Трофим Матвеевич слез и зашагал через выгон к побуревшему картофельному полю.
— А хороша удалась! Ей-ей, хороша! — кричал оттуда Трофим Матвеевич, руками разворачивая под ботвой землю и ощупывая клубни.
— К тому краю посильнее будет, — отозвался Михаил.
Трофим Матвеевич вернулся разрумянившийся, радостный. Подсел бочком к сыну. Мокрыми, вымазанными в земле пальцами раскрыл портсигар.
— Бери, Миш, закуривай.

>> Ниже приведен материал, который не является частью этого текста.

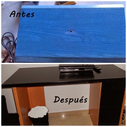 El toque final para dejarlo todo en los mismos colores fue la mesa de escritorio que era azul y opte por forrarla con aeronfix negro y así quedo perfecta!!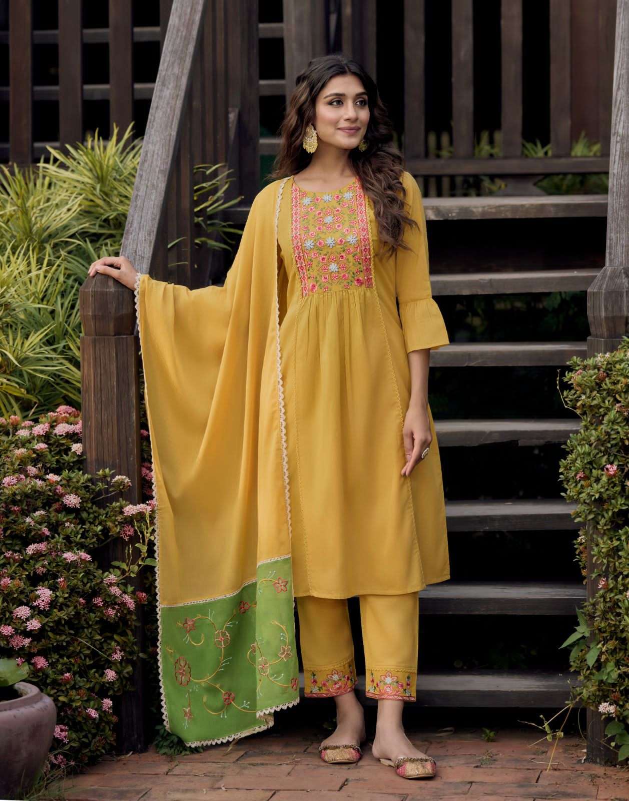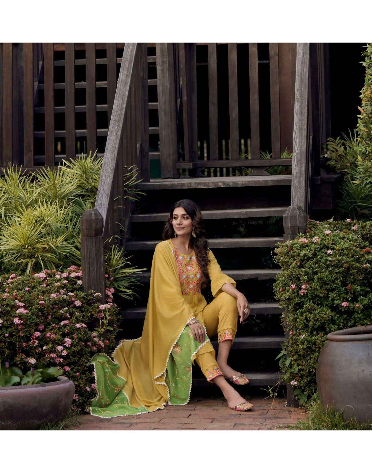 mahek by lily & lali handwork straight kurti with pant and dupatta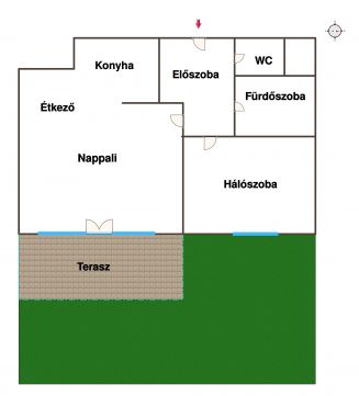 Földszinti, kertkapcsolatos, nagy terasszal és nem csak papíron jó, hanem élőben is működik.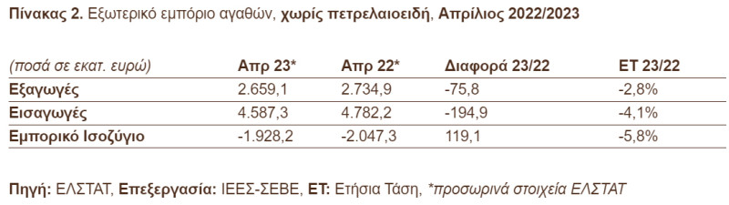 Εξαιρώντας τα πετρελαιοειδή, η εικόνα δεν διαφοροποιείται σημαντικά με τις εξαγωγές να καταγράφουν μείωση ύψους €75,8 εκατ. (δηλαδή 2,8%) και να ανέρχονται σε €2.659,1 εκατ., τις εισαγωγές να μειώνονται κατά €194,9 εκατ. (δηλαδή 4,1%) και να ανέρχονται σε €4.587,3 εκατ. και το εμπορικό έλλειμμα να βελτιώνεται κατά €119,1 εκατ. (δηλαδή 5,8%) και να ανέρχεται σε €1.928,2 εκατ.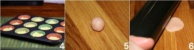 Coloca una cápsula en cada cavidad del molde para muffins, luego distribuye la masa obtenida en las 12 cápsulas 4 teniendo cuidado de no superar la mitad en volumen; al cocer, el cupcake no debe desbordarse sino llegar como máximo al filo de la cápsula. Hornea los cupcakes en horno precalentado a 180° durante unos 20 minutos. Mientras tanto, prepara las rosas de mazapán: con el mazapán rosa haz bolitas un poco más grandes que un guisante 5, aplánalas con un rodillo y forma un disco delgado 6.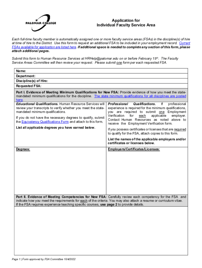 Get the free Application for Individual Faculty Service Area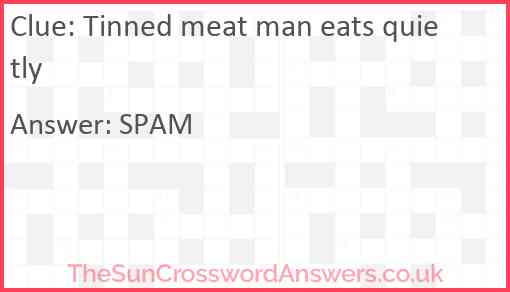 Tinned meat man eats quietly is a crossword clue for which we have 1 possible answer and we have spotted 2 times in our database. This crossword clue was last seen on 20 February 2024 in The Sun Cryptic Crossword puzzle!

Да ты тройку сразу: заграничные, табачишко-то слабенький.
Михаил полюбовался золотистым ободком мундштука, покачал головой.
— Насчет этого они спецы — дерьмо в красивой обертке преподнести, — сказал Трофим Матвеевич.
— Эх, позавидуешь тебе, бать! Где ты только не был!
— Пришлось, верно. Аж замутило — на чужую жизнь глядеть.
— Что, не понравилось? А, говорят, электричество везде, асфальт, газ голубой в витринах.
— Хе-хе, Миша, не та цена этому, как говорят, не та. Ватрушки, бывает, едят, да плачут. Чего, кажись, лучше — из садов крыши красные черепичные видать под Бухарестом-то. А вошли мы — к нам, будто на огни, люд простой потянулся. Одиннадцать звездочек у меня, как у старшины, про запас было, — все выпросили. Словно брильянты какие, в петлички пристегнули, а вдруг и засияли лицом. А отчего? Силу в себе свежую, молодую почуяли… Вот тебе и газ голубой!
— Ну, бать, про Вену расскажи. Обещал ведь в письме.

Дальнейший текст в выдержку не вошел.